§ **The data**

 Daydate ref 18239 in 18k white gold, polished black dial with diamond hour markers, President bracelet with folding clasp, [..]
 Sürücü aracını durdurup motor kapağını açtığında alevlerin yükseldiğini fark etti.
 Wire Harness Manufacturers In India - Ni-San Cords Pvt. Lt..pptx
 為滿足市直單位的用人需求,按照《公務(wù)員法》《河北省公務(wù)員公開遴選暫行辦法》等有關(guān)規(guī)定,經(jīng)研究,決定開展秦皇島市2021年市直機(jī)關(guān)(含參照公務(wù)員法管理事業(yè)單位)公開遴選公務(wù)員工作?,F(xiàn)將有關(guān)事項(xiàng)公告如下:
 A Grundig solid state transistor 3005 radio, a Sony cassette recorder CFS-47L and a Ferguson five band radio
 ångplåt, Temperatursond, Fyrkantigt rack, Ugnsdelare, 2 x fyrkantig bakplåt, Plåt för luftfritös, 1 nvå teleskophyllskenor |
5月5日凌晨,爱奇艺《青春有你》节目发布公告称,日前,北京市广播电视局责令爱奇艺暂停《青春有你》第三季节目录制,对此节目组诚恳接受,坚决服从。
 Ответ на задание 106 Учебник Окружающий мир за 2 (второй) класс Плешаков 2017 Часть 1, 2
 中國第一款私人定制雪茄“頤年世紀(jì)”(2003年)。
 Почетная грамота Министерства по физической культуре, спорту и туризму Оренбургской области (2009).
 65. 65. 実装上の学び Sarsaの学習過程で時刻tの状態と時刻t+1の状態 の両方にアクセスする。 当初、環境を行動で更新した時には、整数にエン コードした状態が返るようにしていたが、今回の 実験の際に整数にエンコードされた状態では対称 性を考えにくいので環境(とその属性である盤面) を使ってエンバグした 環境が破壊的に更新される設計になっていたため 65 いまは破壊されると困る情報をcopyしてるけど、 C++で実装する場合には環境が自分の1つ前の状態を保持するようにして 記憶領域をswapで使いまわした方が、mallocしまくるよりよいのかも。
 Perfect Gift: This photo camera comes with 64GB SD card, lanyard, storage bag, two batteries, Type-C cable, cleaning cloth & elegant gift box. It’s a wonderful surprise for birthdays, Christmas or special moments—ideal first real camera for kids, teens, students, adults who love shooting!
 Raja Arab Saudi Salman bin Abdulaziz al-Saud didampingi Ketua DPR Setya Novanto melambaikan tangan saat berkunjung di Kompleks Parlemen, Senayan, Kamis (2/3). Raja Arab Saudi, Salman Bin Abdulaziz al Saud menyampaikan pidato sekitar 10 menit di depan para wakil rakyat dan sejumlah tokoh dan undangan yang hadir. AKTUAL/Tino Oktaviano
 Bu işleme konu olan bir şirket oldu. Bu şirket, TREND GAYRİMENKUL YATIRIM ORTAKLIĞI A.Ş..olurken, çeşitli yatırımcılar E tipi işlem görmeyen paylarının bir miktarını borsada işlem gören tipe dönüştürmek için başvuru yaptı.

§ **Task requirements**
Write the records out again, character for character.

§ **Output of the exercise**
 Daydate ref 18239 in 18k white gold, polished black dial with diamond hour markers, President bracelet with folding clasp, [..]
 Sürücü aracını durdurup motor kapağını açtığında alevlerin yükseldiğini fark etti.
 Wire Harness Manufacturers In India - Ni-San Cords Pvt. Lt..pptx
 為滿足市直單位的用人需求,按照《公務(wù)員法》《河北省公務(wù)員公開遴選暫行辦法》等有關(guān)規(guī)定,經(jīng)研究,決定開展秦皇島市2021年市直機(jī)關(guān)(含參照公務(wù)員法管理事業(yè)單位)公開遴選公務(wù)員工作?,F(xiàn)將有關(guān)事項(xiàng)公告如下:
 A Grundig solid state transistor 3005 radio, a Sony cassette recorder CFS-47L and a Ferguson five band radio
 ångplåt, Temperatursond, Fyrkantigt rack, Ugnsdelare, 2 x fyrkantig bakplåt, Plåt för luftfritös, 1 nvå teleskophyllskenor |
5月5日凌晨,爱奇艺《青春有你》节目发布公告称,日前,北京市广播电视局责令爱奇艺暂停《青春有你》第三季节目录制,对此节目组诚恳接受,坚决服从。
 Ответ на задание 106 Учебник Окружающий мир за 2 (второй) класс Плешаков 2017 Часть 1, 2
 中國第一款私人定制雪茄“頤年世紀(jì)”(2003年)。
 Почетная грамота Министерства по физической культуре, спорту и туризму Оренбургской области (2009).
 65. 65. 実装上の学び Sarsaの学習過程で時刻tの状態と時刻t+1の状態 の両方にアクセスする。 当初、環境を行動で更新した時には、整数にエン コードした状態が返るようにしていたが、今回の 実験の際に整数にエンコードされた状態では対称 性を考えにくいので環境(とその属性である盤面) を使ってエンバグした 環境が破壊的に更新される設計になっていたため 65 いまは破壊されると困る情報をcopyしてるけど、 C++で実装する場合には環境が自分の1つ前の状態を保持するようにして 記憶領域をswapで使いまわした方が、mallocしまくるよりよいのかも。
 Perfect Gift: This photo camera comes with 64GB SD card, lanyard, storage bag, two batteries, Type-C cable, cleaning cloth & elegant gift box. It’s a wonderful surprise for birthdays, Christmas or special moments—ideal first real camera for kids, teens, students, adults who love shooting!
 Raja Arab Saudi Salman bin Abdulaziz al-Saud didampingi Ketua DPR Setya Novanto melambaikan tangan saat berkunjung di Kompleks Parlemen, Senayan, Kamis (2/3). Raja Arab Saudi, Salman Bin Abdulaziz al Saud menyampaikan pidato sekitar 10 menit di depan para wakil rakyat dan sejumlah tokoh dan undangan yang hadir. AKTUAL/Tino Oktaviano
 Bu işleme konu olan bir şirket oldu. Bu şirket, TREND GAYRİMENKUL YATIRIM ORTAKLIĞI A.Ş..olurken, çeşitli yatırımcılar E tipi işlem görmeyen paylarının bir miktarını borsada işlem gören tipe dönüştürmek için başvuru yaptı.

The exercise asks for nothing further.